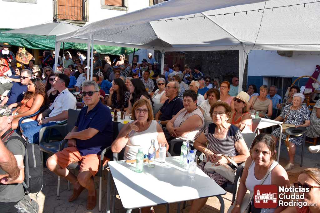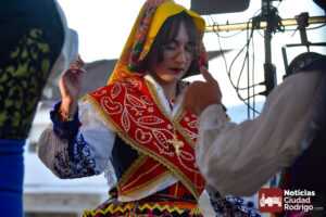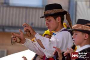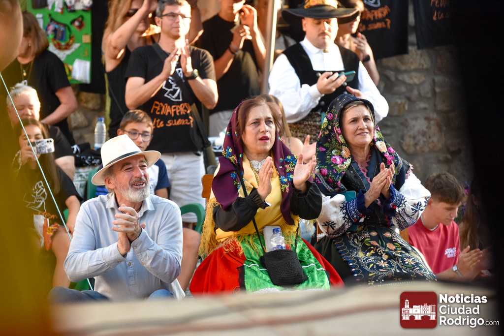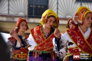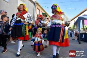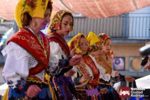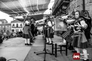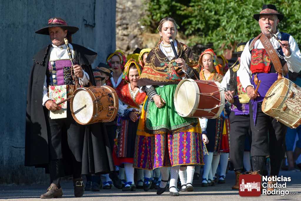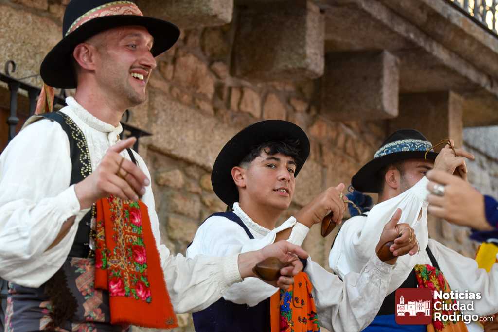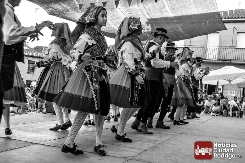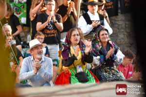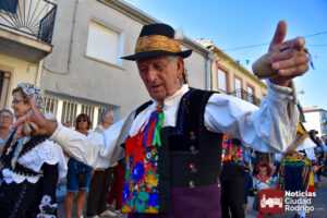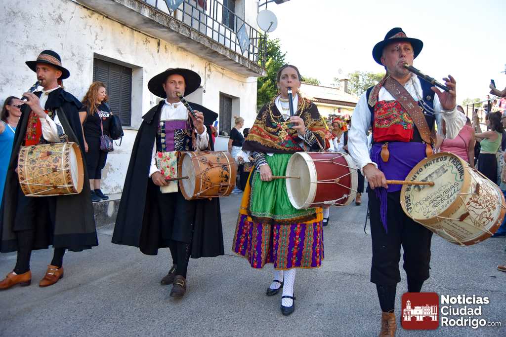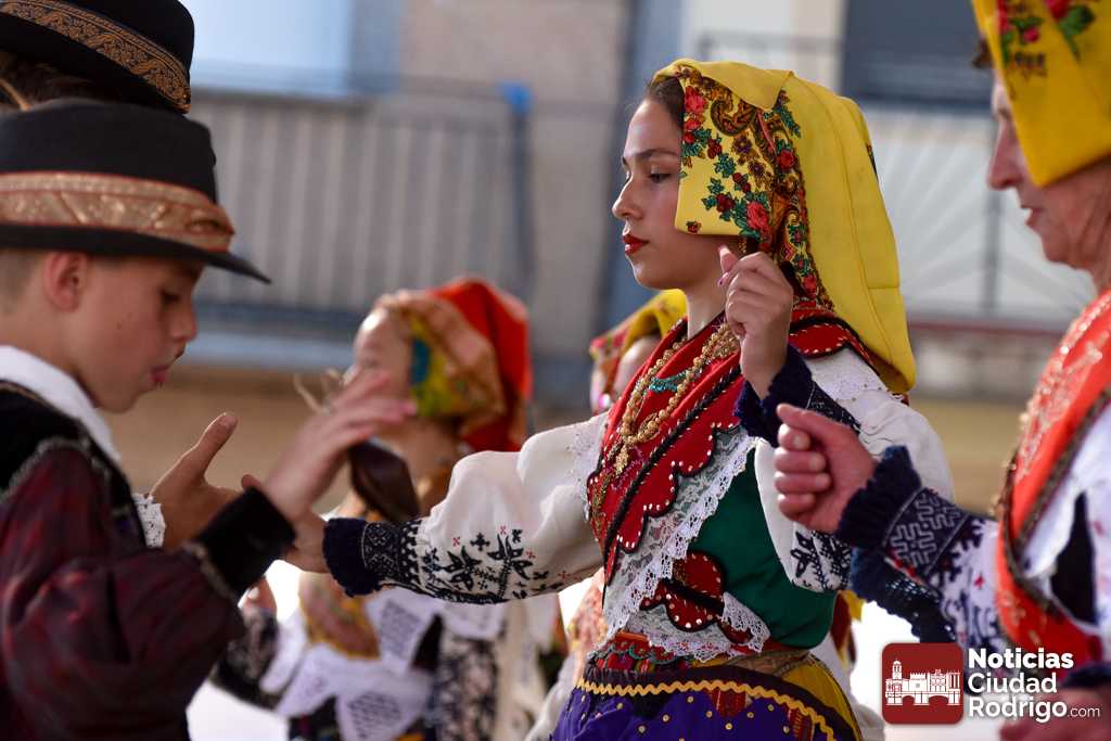 Así mismo, sobre el escenario se plasmó lo mejor del folklore de El Rebollar a través de diferentes bailes, con una evidente muestra del pandero cuadrado, pero también de las sartenes y de la gaita y tamboril. Como colofón a la tarde fue entregado el «Pandero de Honor», reconocimiento anual que se realiza en esta fiesta cultural, a la periodista mirobrigense Rebeca Jerez Hernández por su trayectoria y amplia labor de difusión del mundo rural y, en especial de la zona de El Rebollar.
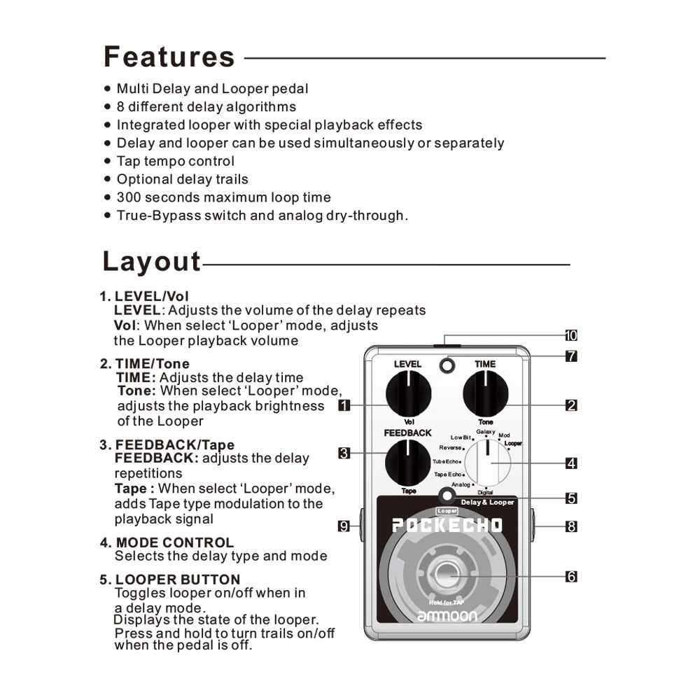 The ammoon POCKECHO combines multi delay effects and looper into one small pedal. You can use the delay and looper independently or simultaneously to get various tones. And the tap tempo function and optional bypass trails make you have yourself a hugely versatile pedal that should be in the toolbox of every musician.
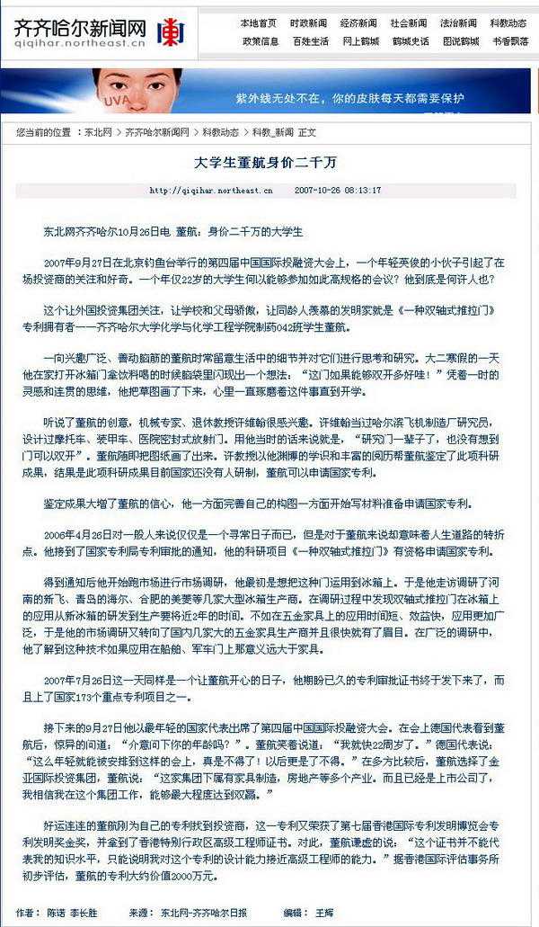 編者按:我?;瘜W與化學工程學院制藥工程專業(yè)042班學生董航的國家專利發(fā)明《一種雙軸式推拉門》榮獲了第七屆香港國際專利發(fā)明博覽會專利發(fā)明獎的金獎,他本人獲得了香港特別行政區(qū)高級工程師證書。2007年7月26日,董航同學接到了國家專利局的專利審批證書,并且成為了國家173個重點專利項目之一。9月27日,董航在北京釣魚臺舉行的第四屆中國國際投融資大會上選擇了投資商。據(jù)香港國際評估事務所初步評估,董航的專利約值2000萬元人民幣。10月26日的《齊齊哈爾日報》、齊齊哈爾新聞網對此進行了熱忱報道。
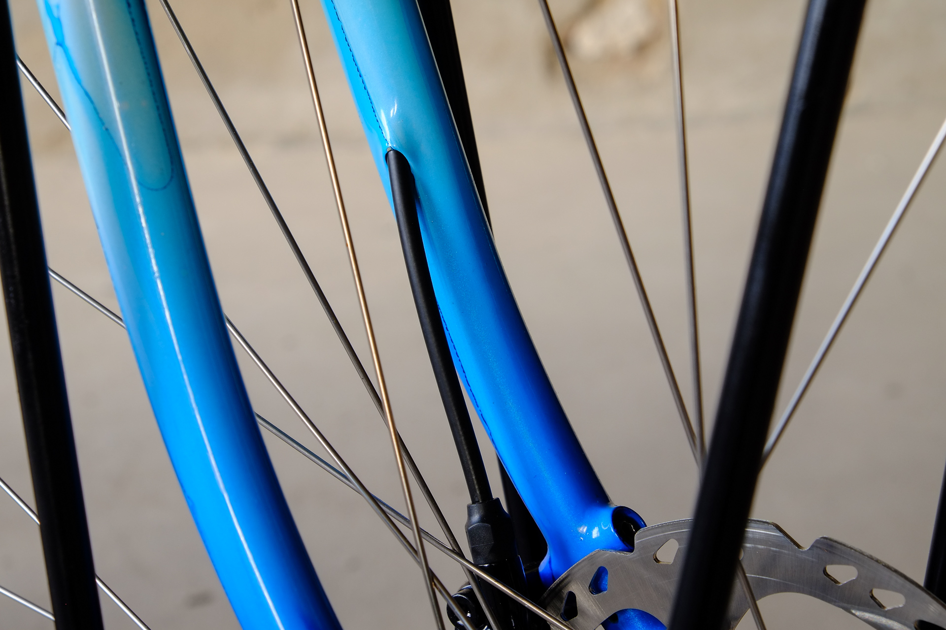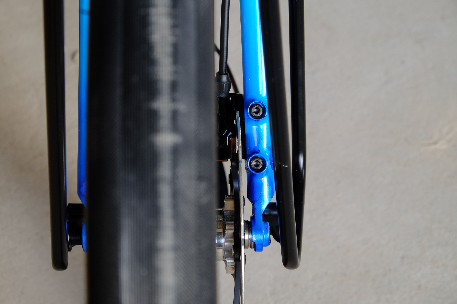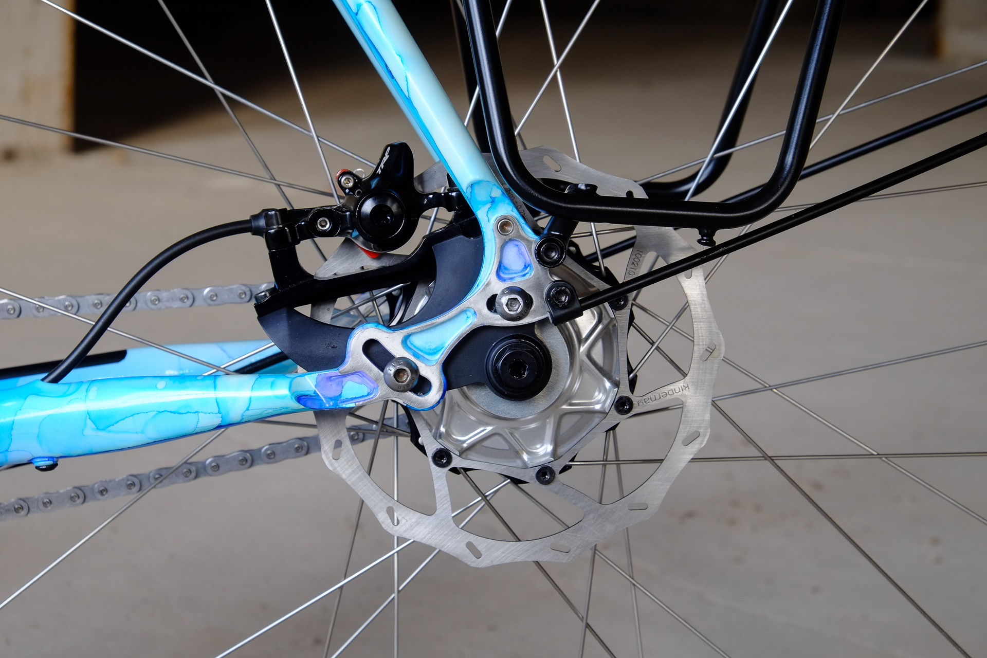 The bikes frame is made as usual only from the finest selection of Columbus tubes, including nice touches as fully internal cable routing and and very nice Paragon Rocker Dropouts. The Fork features Fern's own direct flatmount standard. Custom made Fern Deluxe Stem. All racks are custom made by Fern and only available for complete Fern Bicycles.
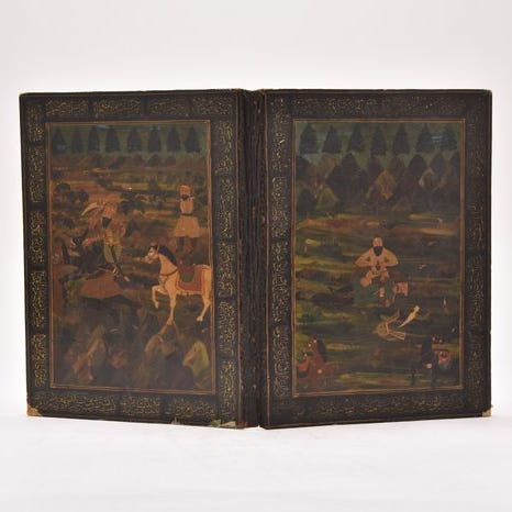Jeg inviterer dig til at være vidne til dette unikke mesterværk fra Awadhs kongerige (Oudh). Dette er et håndlavet spejlsæt fremstillet under kejseren Muhammad Ali Shah, Awadhs konge fra 1837-1842, og opbevaret af hans efterfølger, kong Abu Muzaffar.
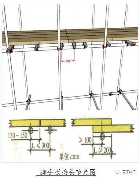 (3)脚手板的铺设应采用对接平铺或搭接铺设;脚手板对接平铺时,接头处应设两根横向水平杆,脚手板外伸长度应取130mm -150mm,两块脚手板外伸长度的和不应大于300mm;脚手板搭接铺设时,接头应支在横向水平杆上,搭接长度不应小于200mm,其伸出横向水平杆的长度不应小于100mm。
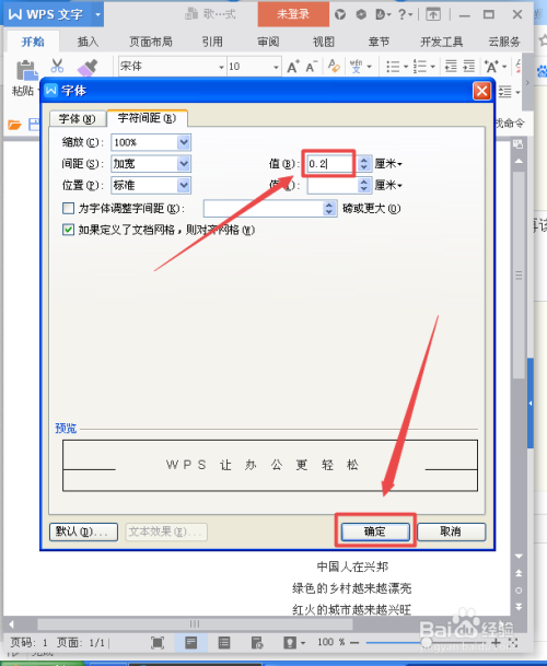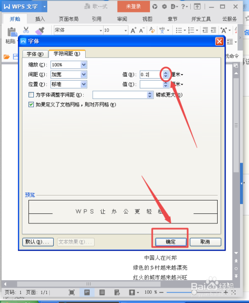 若是对间距要求很具体,好比要求0.2厘米,可以再该行“值”,后面的空白芝直接输入,然后单击“确定”
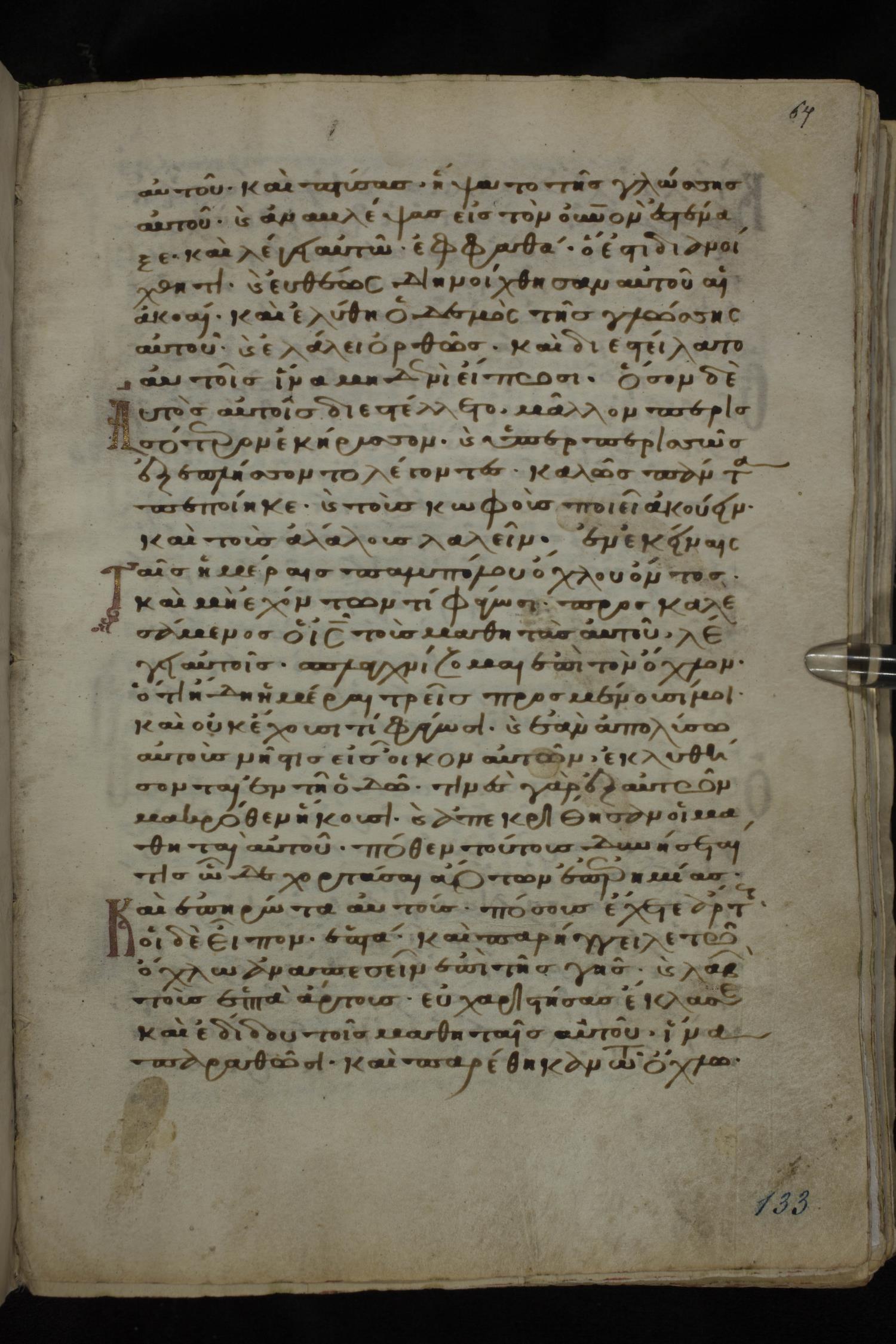 Twelfth century minuscule of the Gospels on parchment; 185 leaves, 1 column, 29 lines per column. Images were taken at the National Library of Greece in Athens.
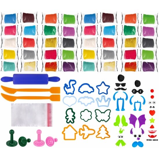 Пластилин-тесто Brauberg 40 шт, 2000 г, 12 формочек, 2 стека, 2 штампика, 1 скалка, 20 пакетиков для хранения
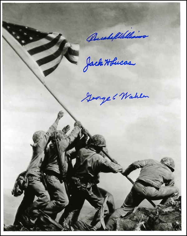 Glossy 11 x 14 photo of the Mount Surabachi flag raising on Iwo Jima, signed in blue felt tip by the last three surviving Medal of Honor recipients from the island, Hershell Williams, Jack Lucas and George Wahlen. In fine condition. Accompanied by a Certificate of Authenticity from Broadway Rick’s Strike Zone featuring photos taken at time of signing and R&R COA.
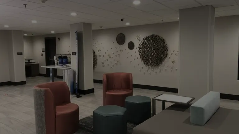 We didn't check in until 1 am but the hotel was in an area with a bunch of other hotels and near restaurants and shops. It was clean and our room has everything we needed. The bathroom was tiny though.I tried to call the front desk at 2 am to ask a question and it took forever for someone to answer.The lobby is nice and there's a fitness center. The pool was closed "for maintenance" but I'd love to see if it ever opens.The breakfast attendant was RK and he was extremely nice. I'd give him 5 stars! We showed up ten minutes before breakfast ended and he didn't try to rush us. They had eggs, sausage, biscuits with gravy, yogurt, cereal, bagels and a cool machine that makes pancakes.
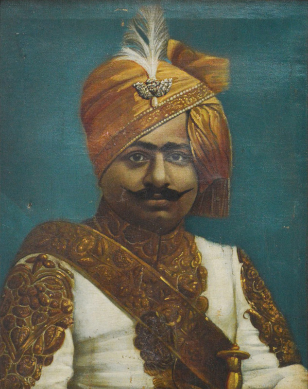 Sir Pratapsinh Rao Gaekwad (1908-1968) Maharaja of Baroda (r. 1939-1951) by Unknown artist (Raja Ravi Varma’s follower) circa 1930 Oil on canvas 30 x 23.6 in. (76 x 60.5 cm.)
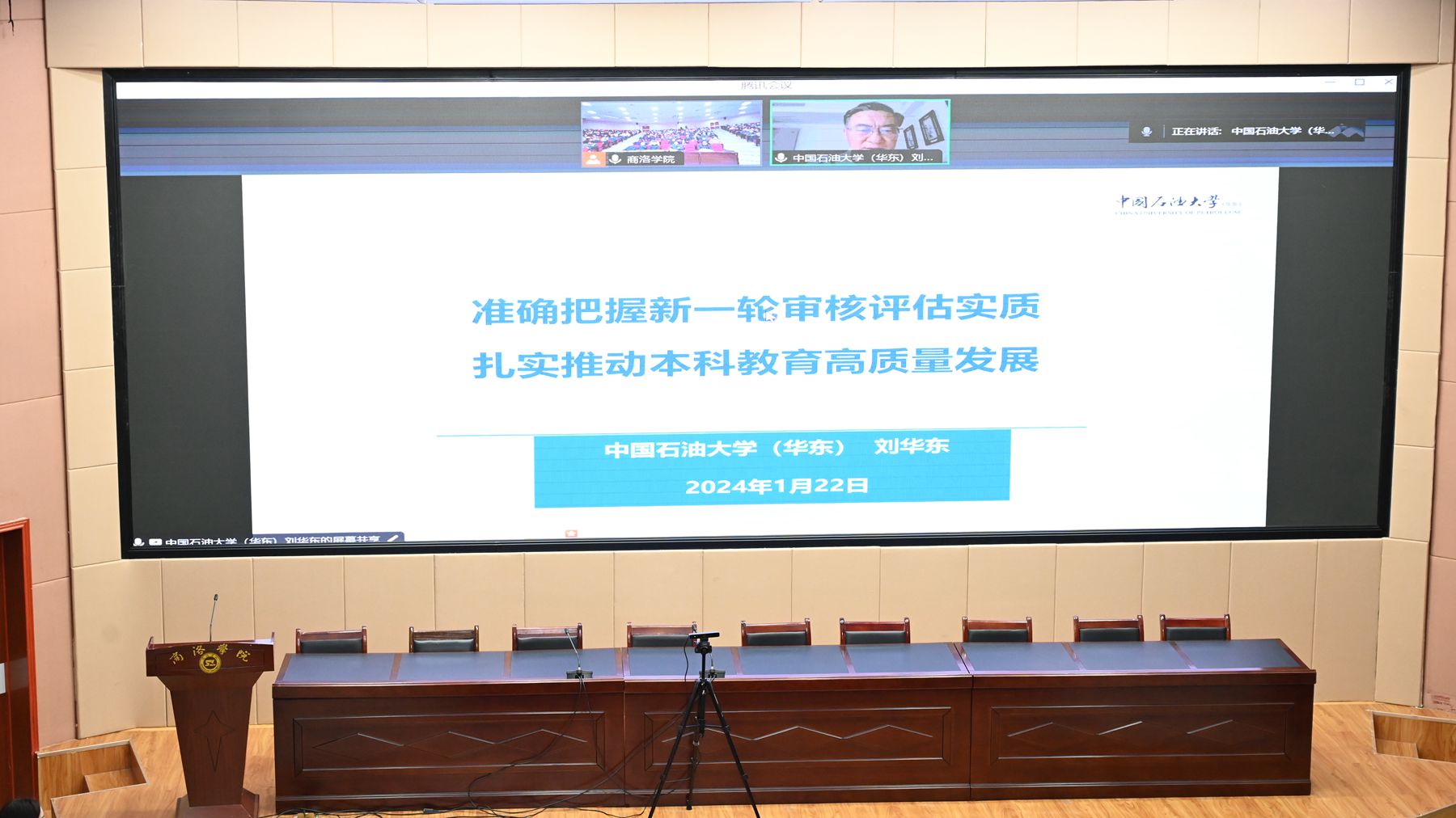 1月22日上午,我校召开审核评估工作迎评动员会,全面部署本科教育教学审核评估相关工作。中国石油大学(华东)校务委员会副主任,原党委副书记、副校长刘华东教授应邀作专题辅导报告。校党委书记张志昌作动员讲话。校长范新会主持大会。党委副书记刘勇,副校长刘宝盈、王新军、郭瑾出席会议。

········

● **EXERCISE GOAL**: Each line above should be written out again exactly, and no picture should appear in the copy.

● **OUTPUT FOR THIS EXERCISE**:
 Así mismo, sobre el escenario se plasmó lo mejor del folklore de El Rebollar a través de diferentes bailes, con una evidente muestra del pandero cuadrado, pero también de las sartenes y de la gaita y tamboril. Como colofón a la tarde fue entregado el «Pandero de Honor», reconocimiento anual que se realiza en esta fiesta cultural, a la periodista mirobrigense Rebeca Jerez Hernández por su trayectoria y amplia labor de difusión del mundo rural y, en especial de la zona de El Rebollar.
 The ammoon POCKECHO combines multi delay effects and looper into one small pedal. You can use the delay and looper independently or simultaneously to get various tones. And the tap tempo function and optional bypass trails make you have yourself a hugely versatile pedal that should be in the toolbox of every musician.
 編者按:我?;瘜W與化學工程學院制藥工程專業(yè)042班學生董航的國家專利發(fā)明《一種雙軸式推拉門》榮獲了第七屆香港國際專利發(fā)明博覽會專利發(fā)明獎的金獎,他本人獲得了香港特別行政區(qū)高級工程師證書。2007年7月26日,董航同學接到了國家專利局的專利審批證書,并且成為了國家173個重點專利項目之一。9月27日,董航在北京釣魚臺舉行的第四屆中國國際投融資大會上選擇了投資商。據(jù)香港國際評估事務所初步評估,董航的專利約值2000萬元人民幣。10月26日的《齊齊哈爾日報》、齊齊哈爾新聞網對此進行了熱忱報道。
 The bikes frame is made as usual only from the finest selection of Columbus tubes, including nice touches as fully internal cable routing and and very nice Paragon Rocker Dropouts. The Fork features Fern's own direct flatmount standard. Custom made Fern Deluxe Stem. All racks are custom made by Fern and only available for complete Fern Bicycles.
Jeg inviterer dig til at være vidne til dette unikke mesterværk fra Awadhs kongerige (Oudh). Dette er et håndlavet spejlsæt fremstillet under kejseren Muhammad Ali Shah, Awadhs konge fra 1837-1842, og opbevaret af hans efterfølger, kong Abu Muzaffar.
 (3)脚手板的铺设应采用对接平铺或搭接铺设;脚手板对接平铺时,接头处应设两根横向水平杆,脚手板外伸长度应取130mm -150mm,两块脚手板外伸长度的和不应大于300mm;脚手板搭接铺设时,接头应支在横向水平杆上,搭接长度不应小于200mm,其伸出横向水平杆的长度不应小于100mm。
 若是对间距要求很具体,好比要求0.2厘米,可以再该行“值”,后面的空白芝直接输入,然后单击“确定”
 Twelfth century minuscule of the Gospels on parchment; 185 leaves, 1 column, 29 lines per column. Images were taken at the National Library of Greece in Athens.
 Пластилин-тесто Brauberg 40 шт, 2000 г, 12 формочек, 2 стека, 2 штампика, 1 скалка, 20 пакетиков для хранения
 Glossy 11 x 14 photo of the Mount Surabachi flag raising on Iwo Jima, signed in blue felt tip by the last three surviving Medal of Honor recipients from the island, Hershell Williams, Jack Lucas and George Wahlen. In fine condition. Accompanied by a Certificate of Authenticity from Broadway Rick’s Strike Zone featuring photos taken at time of signing and R&R COA.
 We didn't check in until 1 am but the hotel was in an area with a bunch of other hotels and near restaurants and shops. It was clean and our room has everything we needed. The bathroom was tiny though.I tried to call the front desk at 2 am to ask a question and it took forever for someone to answer.The lobby is nice and there's a fitness center. The pool was closed "for maintenance" but I'd love to see if it ever opens.The breakfast attendant was RK and he was extremely nice. I'd give him 5 stars! We showed up ten minutes before breakfast ended and he didn't try to rush us. They had eggs, sausage, biscuits with gravy, yogurt, cereal, bagels and a cool machine that makes pancakes.
 Sir Pratapsinh Rao Gaekwad (1908-1968) Maharaja of Baroda (r. 1939-1951) by Unknown artist (Raja Ravi Varma’s follower) circa 1930 Oil on canvas 30 x 23.6 in. (76 x 60.5 cm.)
 1月22日上午,我校召开审核评估工作迎评动员会,全面部署本科教育教学审核评估相关工作。中国石油大学(华东)校务委员会副主任,原党委副书记、副校长刘华东教授应邀作专题辅导报告。校党委书记张志昌作动员讲话。校长范新会主持大会。党委副书记刘勇,副校长刘宝盈、王新军、郭瑾出席会议。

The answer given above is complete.